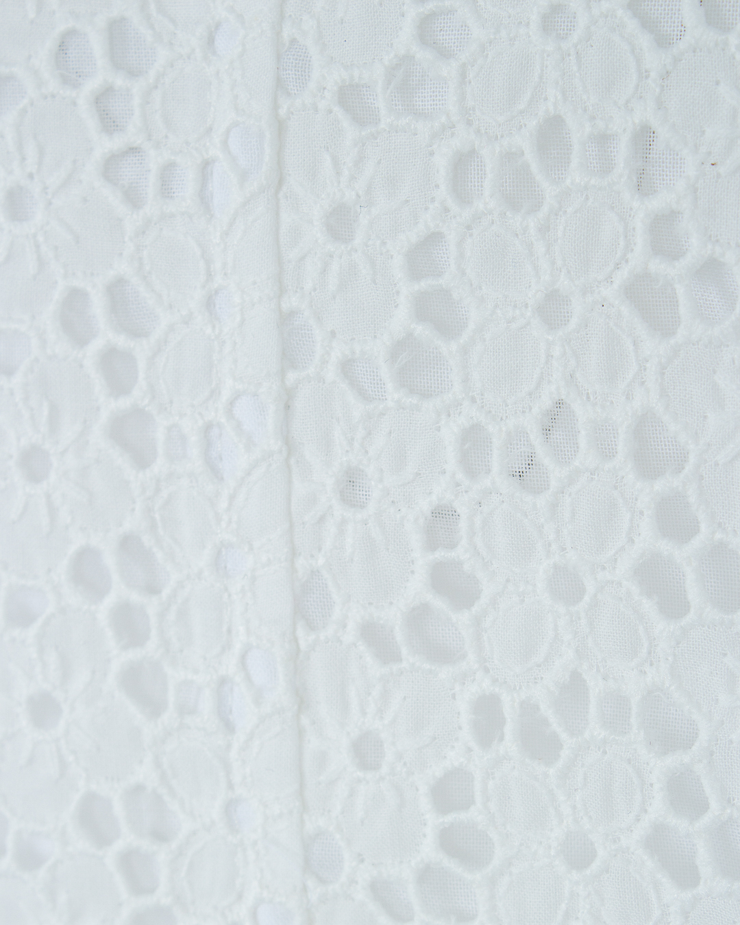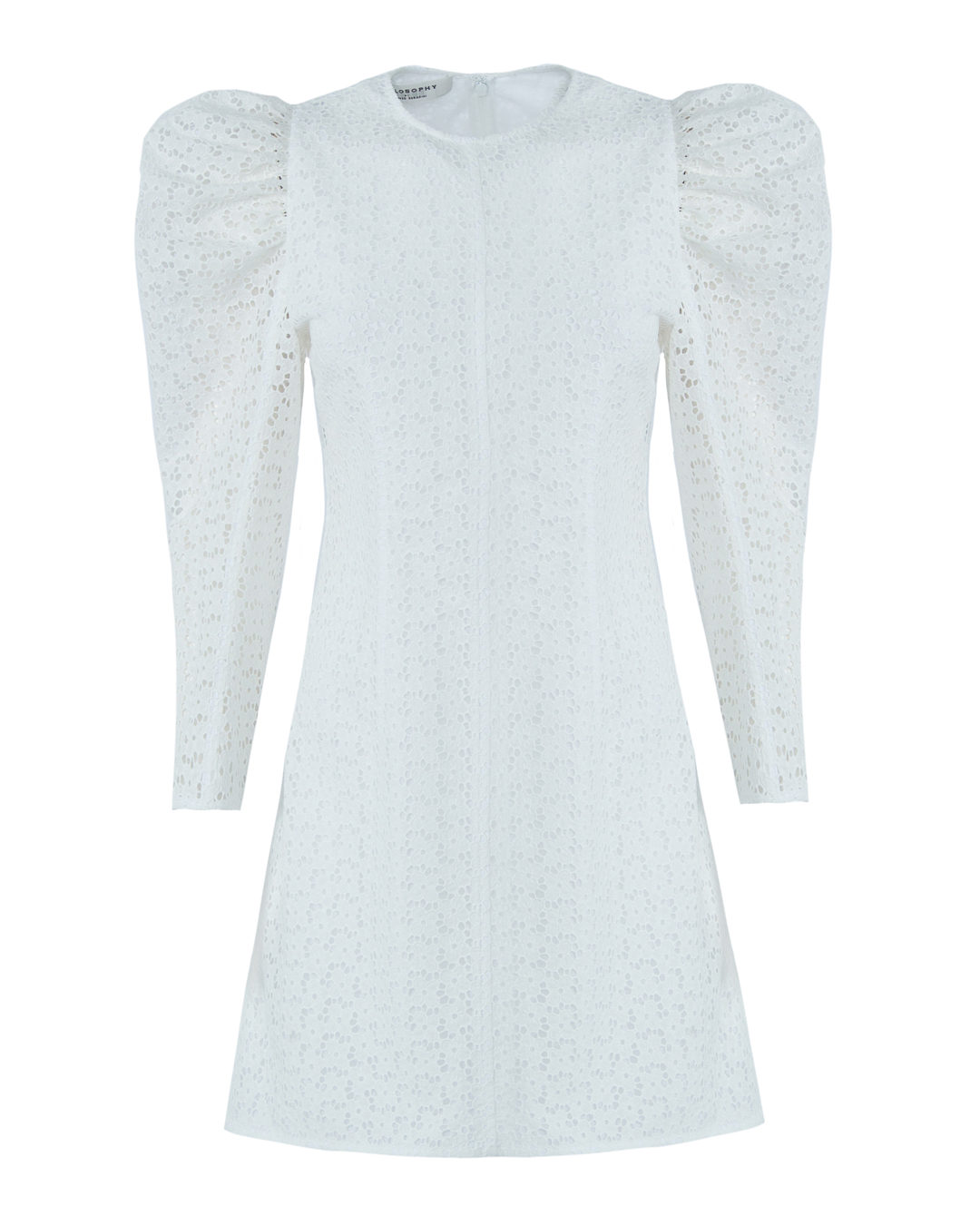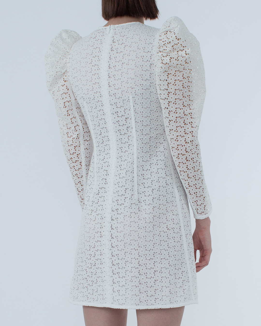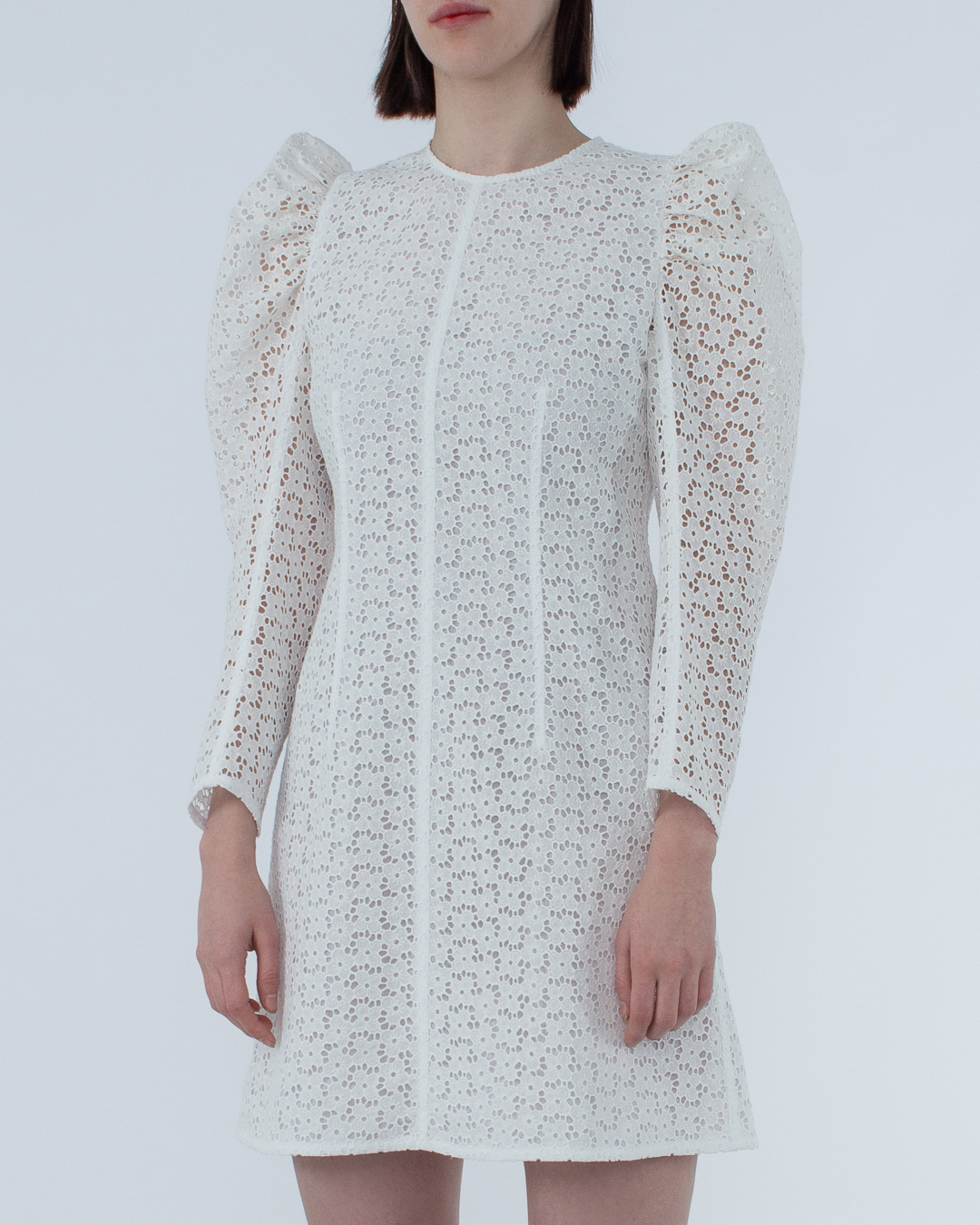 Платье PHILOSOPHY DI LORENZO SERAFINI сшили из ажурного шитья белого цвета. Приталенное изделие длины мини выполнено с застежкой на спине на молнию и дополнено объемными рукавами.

...

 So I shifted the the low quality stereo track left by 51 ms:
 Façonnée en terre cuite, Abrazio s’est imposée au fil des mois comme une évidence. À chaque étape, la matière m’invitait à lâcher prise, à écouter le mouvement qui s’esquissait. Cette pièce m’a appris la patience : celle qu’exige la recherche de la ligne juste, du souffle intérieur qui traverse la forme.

**WORK TASK**.
Precisely the lines between those holding "So I shifted" and "Façonnée en terre", inclusive, are to be reproduced from the listing above, with nothing added.

**TASK ANSWER**.
 So I shifted the the low quality stereo track left by 51 ms:
 Façonnée en terre cuite, Abrazio s’est imposée au fil des mois comme une évidence. À chaque étape, la matière m’invitait à lâcher prise, à écouter le mouvement qui s’esquissait. Cette pièce m’a appris la patience : celle qu’exige la recherche de la ligne juste, du souffle intérieur qui traverse la forme.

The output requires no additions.